### TO DO
Word for word, retype the first line of the records and every following line through the one containing "ソファでくつろいだり、電源の".

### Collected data
══════════
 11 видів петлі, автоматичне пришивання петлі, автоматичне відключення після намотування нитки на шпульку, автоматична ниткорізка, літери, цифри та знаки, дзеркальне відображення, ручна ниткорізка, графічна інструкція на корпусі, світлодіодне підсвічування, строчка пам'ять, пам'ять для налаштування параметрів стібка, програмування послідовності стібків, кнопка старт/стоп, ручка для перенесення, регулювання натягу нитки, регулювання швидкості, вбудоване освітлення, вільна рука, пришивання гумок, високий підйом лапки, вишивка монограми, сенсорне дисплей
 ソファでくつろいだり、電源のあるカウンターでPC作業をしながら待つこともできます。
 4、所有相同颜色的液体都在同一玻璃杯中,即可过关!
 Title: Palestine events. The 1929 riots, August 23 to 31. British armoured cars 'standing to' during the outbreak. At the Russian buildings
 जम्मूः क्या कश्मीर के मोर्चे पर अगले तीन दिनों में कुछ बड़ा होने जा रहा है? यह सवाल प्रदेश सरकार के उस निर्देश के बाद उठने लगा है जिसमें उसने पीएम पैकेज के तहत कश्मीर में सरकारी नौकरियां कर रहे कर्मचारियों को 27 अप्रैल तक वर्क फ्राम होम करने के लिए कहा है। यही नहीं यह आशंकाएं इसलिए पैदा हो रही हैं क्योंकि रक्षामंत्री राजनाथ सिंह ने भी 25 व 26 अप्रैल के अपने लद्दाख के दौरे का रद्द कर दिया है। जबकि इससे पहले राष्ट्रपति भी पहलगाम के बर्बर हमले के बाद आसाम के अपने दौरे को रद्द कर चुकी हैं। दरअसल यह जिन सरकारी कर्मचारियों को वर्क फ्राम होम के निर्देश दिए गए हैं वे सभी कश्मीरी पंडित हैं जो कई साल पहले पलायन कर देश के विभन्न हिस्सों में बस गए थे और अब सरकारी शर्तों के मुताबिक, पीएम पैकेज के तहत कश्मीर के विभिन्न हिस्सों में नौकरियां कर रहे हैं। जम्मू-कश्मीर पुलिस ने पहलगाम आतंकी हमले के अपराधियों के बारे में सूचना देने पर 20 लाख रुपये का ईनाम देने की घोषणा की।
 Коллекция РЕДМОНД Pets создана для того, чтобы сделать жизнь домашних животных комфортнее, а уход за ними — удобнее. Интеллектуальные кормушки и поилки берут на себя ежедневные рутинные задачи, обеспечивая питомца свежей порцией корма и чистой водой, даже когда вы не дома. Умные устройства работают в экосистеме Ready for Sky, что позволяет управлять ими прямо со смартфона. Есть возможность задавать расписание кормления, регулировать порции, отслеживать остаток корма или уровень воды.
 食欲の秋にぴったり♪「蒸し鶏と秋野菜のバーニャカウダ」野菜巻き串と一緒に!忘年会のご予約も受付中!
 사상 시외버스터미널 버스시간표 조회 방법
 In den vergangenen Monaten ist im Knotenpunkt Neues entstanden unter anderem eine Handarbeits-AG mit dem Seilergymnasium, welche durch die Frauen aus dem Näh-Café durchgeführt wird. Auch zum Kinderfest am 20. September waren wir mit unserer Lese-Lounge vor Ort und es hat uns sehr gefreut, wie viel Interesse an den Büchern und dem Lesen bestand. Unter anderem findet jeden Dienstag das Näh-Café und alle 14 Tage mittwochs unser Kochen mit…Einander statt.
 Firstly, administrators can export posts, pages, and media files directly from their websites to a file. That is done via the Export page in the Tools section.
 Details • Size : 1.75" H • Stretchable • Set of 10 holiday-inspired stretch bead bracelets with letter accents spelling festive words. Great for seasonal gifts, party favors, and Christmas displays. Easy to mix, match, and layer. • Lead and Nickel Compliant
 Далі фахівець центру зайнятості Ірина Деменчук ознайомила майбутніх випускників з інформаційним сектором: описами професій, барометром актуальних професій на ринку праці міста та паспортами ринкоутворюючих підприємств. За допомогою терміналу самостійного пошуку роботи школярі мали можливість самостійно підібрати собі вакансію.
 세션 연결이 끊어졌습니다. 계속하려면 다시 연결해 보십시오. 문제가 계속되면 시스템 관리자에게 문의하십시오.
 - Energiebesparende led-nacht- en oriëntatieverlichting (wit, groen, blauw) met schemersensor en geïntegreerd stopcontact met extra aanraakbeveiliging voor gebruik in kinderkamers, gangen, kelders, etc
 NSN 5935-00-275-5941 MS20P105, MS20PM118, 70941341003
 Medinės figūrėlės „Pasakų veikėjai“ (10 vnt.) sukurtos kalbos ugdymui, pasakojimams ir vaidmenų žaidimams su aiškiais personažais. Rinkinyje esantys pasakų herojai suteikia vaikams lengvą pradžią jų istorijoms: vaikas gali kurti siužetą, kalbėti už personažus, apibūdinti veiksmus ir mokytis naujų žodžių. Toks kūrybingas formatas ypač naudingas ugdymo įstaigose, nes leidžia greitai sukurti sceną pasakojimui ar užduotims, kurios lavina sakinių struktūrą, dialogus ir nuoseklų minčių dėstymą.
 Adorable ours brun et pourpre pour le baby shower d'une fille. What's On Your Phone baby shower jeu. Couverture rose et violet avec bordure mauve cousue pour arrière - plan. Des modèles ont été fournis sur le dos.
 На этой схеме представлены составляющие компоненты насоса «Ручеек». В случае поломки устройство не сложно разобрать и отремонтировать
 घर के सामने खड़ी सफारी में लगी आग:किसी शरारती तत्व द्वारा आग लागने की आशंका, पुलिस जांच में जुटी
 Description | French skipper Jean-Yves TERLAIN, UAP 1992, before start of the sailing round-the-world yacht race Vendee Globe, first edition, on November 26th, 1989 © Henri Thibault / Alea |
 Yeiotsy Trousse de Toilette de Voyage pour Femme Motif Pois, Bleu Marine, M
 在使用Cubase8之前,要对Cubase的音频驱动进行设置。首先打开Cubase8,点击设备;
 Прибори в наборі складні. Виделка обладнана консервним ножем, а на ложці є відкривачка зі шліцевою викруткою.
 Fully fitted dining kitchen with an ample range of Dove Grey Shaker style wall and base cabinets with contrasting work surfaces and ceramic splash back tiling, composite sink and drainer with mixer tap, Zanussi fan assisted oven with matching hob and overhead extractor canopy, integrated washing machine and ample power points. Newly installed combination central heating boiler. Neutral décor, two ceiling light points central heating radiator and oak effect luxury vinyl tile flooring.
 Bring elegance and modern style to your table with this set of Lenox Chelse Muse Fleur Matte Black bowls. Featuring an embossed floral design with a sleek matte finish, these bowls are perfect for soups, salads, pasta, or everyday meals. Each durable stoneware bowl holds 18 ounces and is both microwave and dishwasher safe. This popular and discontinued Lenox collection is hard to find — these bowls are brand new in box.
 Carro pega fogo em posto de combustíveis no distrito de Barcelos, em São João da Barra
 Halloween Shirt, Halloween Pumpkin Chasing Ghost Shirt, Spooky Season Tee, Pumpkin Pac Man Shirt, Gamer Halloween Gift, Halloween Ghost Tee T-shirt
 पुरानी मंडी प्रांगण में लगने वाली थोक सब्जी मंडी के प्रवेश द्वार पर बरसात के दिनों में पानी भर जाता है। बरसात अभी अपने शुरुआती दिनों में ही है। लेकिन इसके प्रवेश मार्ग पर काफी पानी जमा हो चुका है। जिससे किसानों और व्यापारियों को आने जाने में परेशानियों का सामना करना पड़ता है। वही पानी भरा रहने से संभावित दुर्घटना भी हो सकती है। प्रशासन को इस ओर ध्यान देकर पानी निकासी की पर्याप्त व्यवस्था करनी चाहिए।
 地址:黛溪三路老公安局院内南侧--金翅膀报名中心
══════════
### SOLUTION TO THIS TASK
 11 видів петлі, автоматичне пришивання петлі, автоматичне відключення після намотування нитки на шпульку, автоматична ниткорізка, літери, цифри та знаки, дзеркальне відображення, ручна ниткорізка, графічна інструкція на корпусі, світлодіодне підсвічування, строчка пам'ять, пам'ять для налаштування параметрів стібка, програмування послідовності стібків, кнопка старт/стоп, ручка для перенесення, регулювання натягу нитки, регулювання швидкості, вбудоване освітлення, вільна рука, пришивання гумок, високий підйом лапки, вишивка монограми, сенсорне дисплей
 ソファでくつろいだり、電源のあるカウンターでPC作業をしながら待つこともできます。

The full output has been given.